=== Begin Enclosure ===
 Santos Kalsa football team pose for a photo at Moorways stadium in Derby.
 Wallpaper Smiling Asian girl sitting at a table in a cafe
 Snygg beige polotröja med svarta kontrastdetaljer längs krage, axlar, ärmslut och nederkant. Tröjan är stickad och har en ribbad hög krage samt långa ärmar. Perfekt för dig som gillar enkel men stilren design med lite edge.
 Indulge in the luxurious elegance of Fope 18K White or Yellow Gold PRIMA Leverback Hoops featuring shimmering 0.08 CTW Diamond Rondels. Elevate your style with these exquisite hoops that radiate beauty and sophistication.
=== End Enclosure ===
=== Begin Enclosure ===
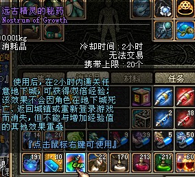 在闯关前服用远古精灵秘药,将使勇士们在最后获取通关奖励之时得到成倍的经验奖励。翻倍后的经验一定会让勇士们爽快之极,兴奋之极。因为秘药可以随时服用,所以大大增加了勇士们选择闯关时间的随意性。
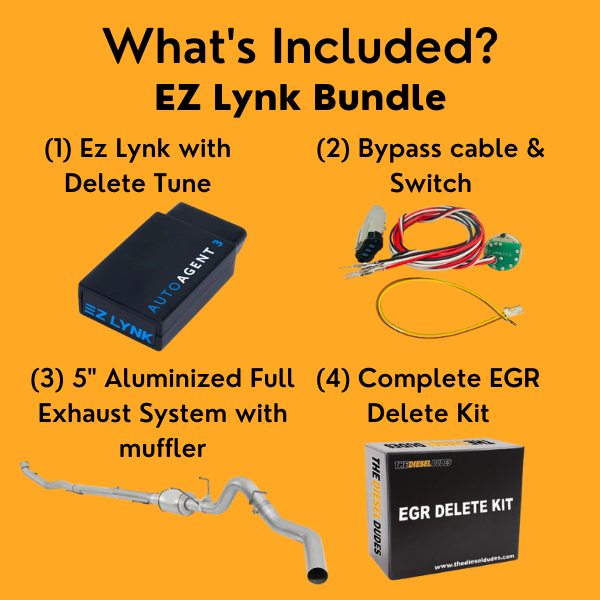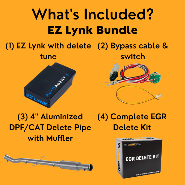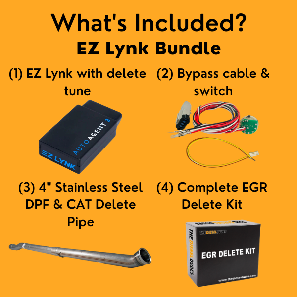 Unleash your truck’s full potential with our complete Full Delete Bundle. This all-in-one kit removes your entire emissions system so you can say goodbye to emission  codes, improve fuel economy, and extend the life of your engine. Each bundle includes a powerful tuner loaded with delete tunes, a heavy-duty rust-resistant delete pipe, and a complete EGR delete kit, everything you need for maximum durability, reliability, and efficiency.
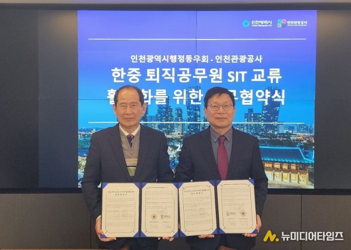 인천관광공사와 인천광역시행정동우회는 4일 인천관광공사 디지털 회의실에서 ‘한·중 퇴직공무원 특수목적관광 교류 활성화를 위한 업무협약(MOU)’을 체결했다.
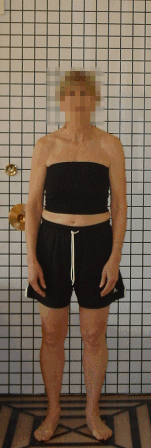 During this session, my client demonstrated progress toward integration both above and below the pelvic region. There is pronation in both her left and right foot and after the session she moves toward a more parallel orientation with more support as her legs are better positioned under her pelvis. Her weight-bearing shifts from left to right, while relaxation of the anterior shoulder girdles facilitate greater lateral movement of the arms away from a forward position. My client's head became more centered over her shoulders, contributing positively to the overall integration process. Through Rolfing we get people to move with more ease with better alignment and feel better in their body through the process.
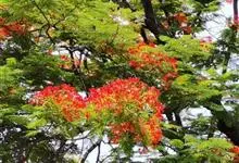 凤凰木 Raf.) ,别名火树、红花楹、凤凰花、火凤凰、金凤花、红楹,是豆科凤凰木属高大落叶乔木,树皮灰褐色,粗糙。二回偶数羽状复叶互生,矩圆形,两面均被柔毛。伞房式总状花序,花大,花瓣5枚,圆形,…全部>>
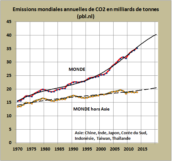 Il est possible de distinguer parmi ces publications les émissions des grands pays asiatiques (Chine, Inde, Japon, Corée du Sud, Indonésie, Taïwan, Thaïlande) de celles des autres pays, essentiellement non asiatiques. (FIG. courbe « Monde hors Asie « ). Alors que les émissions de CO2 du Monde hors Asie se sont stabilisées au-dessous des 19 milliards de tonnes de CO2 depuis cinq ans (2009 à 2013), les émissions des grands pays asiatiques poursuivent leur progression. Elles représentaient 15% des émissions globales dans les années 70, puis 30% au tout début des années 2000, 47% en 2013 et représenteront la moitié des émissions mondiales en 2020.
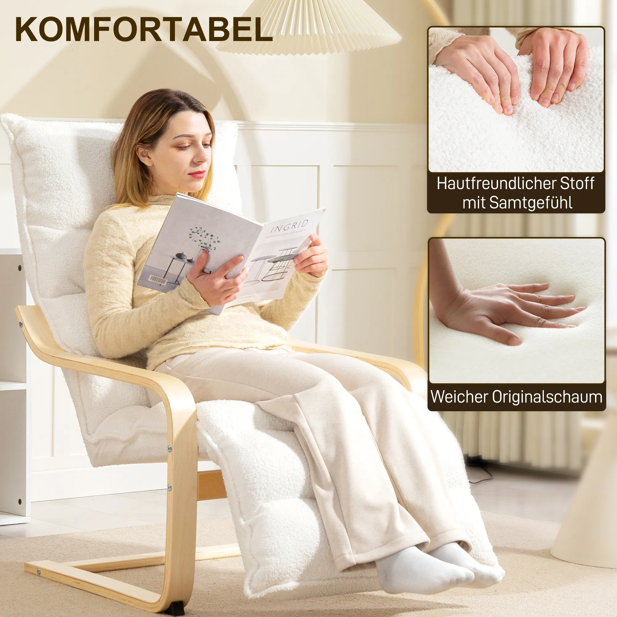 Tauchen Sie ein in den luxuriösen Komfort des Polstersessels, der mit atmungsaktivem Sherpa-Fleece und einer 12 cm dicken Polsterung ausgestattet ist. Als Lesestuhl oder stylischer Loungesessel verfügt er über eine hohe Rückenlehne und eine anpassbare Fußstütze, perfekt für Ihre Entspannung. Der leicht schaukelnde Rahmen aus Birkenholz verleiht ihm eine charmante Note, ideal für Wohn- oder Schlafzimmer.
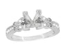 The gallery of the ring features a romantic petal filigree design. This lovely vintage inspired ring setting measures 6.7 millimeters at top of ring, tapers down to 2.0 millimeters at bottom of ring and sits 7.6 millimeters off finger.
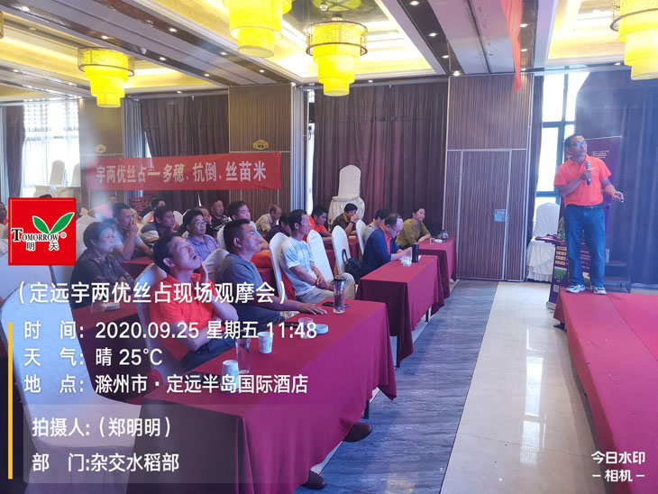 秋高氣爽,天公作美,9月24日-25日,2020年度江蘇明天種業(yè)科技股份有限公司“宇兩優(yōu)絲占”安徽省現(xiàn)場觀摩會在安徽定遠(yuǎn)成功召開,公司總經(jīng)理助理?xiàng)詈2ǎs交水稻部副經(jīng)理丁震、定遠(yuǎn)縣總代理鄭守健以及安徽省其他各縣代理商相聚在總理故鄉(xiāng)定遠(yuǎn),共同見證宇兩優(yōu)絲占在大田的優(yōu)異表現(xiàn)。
=== End Enclosure ===
TASK STATEMENT => Give again the stretch of lines above from the one with "在闯关前服用远古精灵秘药,将" through the one with "인천관광공사와 인천광역시행정동우회는 4일", both ends kept, and copy no pictures.

FINAL ANSWER =>
 在闯关前服用远古精灵秘药,将使勇士们在最后获取通关奖励之时得到成倍的经验奖励。翻倍后的经验一定会让勇士们爽快之极,兴奋之极。因为秘药可以随时服用,所以大大增加了勇士们选择闯关时间的随意性。
 Unleash your truck’s full potential with our complete Full Delete Bundle. This all-in-one kit removes your entire emissions system so you can say goodbye to emission  codes, improve fuel economy, and extend the life of your engine. Each bundle includes a powerful tuner loaded with delete tunes, a heavy-duty rust-resistant delete pipe, and a complete EGR delete kit, everything you need for maximum durability, reliability, and efficiency.
 인천관광공사와 인천광역시행정동우회는 4일 인천관광공사 디지털 회의실에서 ‘한·중 퇴직공무원 특수목적관광 교류 활성화를 위한 업무협약(MOU)’을 체결했다.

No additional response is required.